## What you will do
Word for word, restate the lines of the data below between those holding "Dwarfism, including achondroplasia, often" and "4、關卡末尾射擊帶有數字的【橙色容器】,完成關卡挑戰,積累資源推進子彈進化。", inclusive; pictures do not belong in the copy.

[Extracted data entries]
....
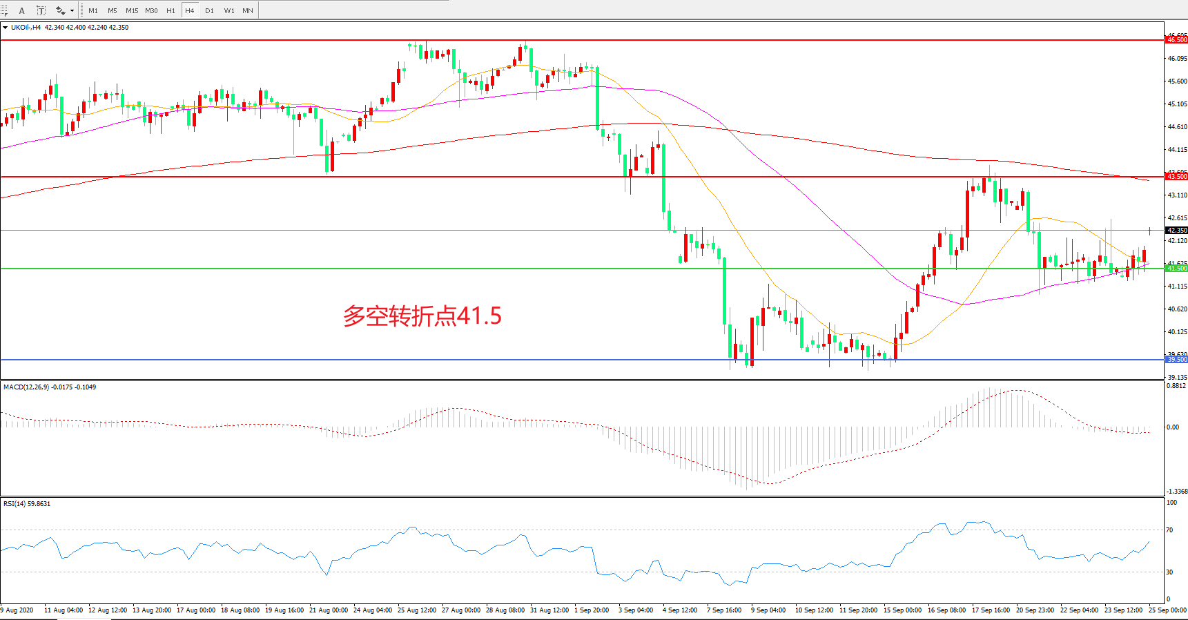 交易策略:  在41.50之上看涨,目标43.50      46.50
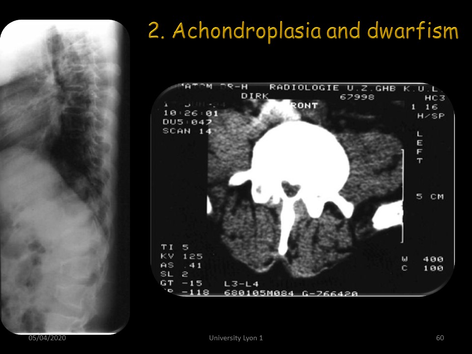 Dwarfism, including achondroplasia, often presents thoraco-lumbar kyphosis with a spinal stenosis. |
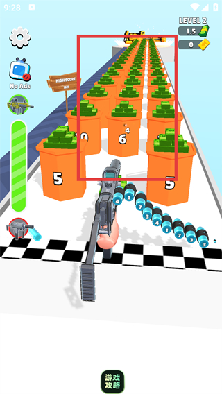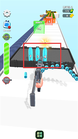 4、關卡末尾射擊帶有數字的【橙色容器】,完成關卡挑戰,積累資源推進子彈進化。
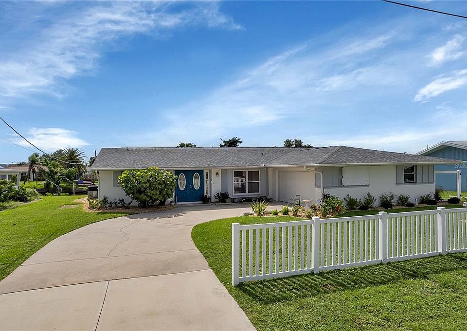 Motivated Sellers! Bring your offers! Welcome to your waterfront paradise! This exquisite 3-bedroom, 2-bathroom home on a cul-de-sac has been thoughtfully upgraded to provide the utmost comfort and luxury. As you step inside, you'll immediately notice the recent addition of new luxury vinyl plank flooring throughout. To ensure your peace of mind, the property is equipped with state-of-the-art security cameras, which are strategically placed to monitor every corner of your home. Step outside to appreciate the meticulously redone landscaping that enhances the curb appeal and charm of this property. Recent upgrades include a new roof, electrical panel, pool pump, and whole-home water softener system, providing you with worry-free living. This property lies in a prime location with a mere 15-minute boat ride to open waters, and only one bridge to navigate. The dock and 20,000 lb boat lift, which have been upgraded with new concrete pilings, open the door to incredible adventures on the water. Bask in the sun-drenched pool area, host gatherings on the patio, or set sail for new horizons from your own backyard!
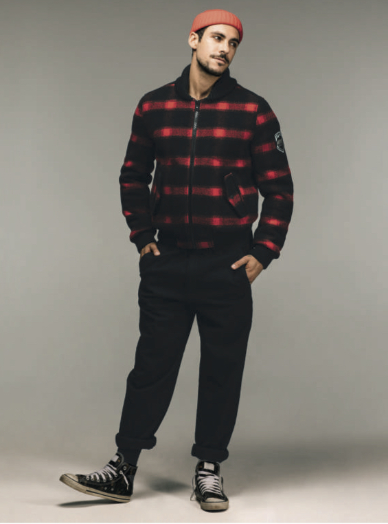 - L’autre couleur que l’on voit beaucoup, c’est le rouge. La couleur de la passion, du sang, de l’interdit, de l’amour, est très présente dans toutes ses variantes, surtout pour les blousons, manteaux et chemises : bombers, chemises et vestes à carreaux noirs et rouges.
....
## Task response
 Dwarfism, including achondroplasia, often presents thoraco-lumbar kyphosis with a spinal stenosis. |
 4、關卡末尾射擊帶有數字的【橙色容器】,完成關卡挑戰,積累資源推進子彈進化。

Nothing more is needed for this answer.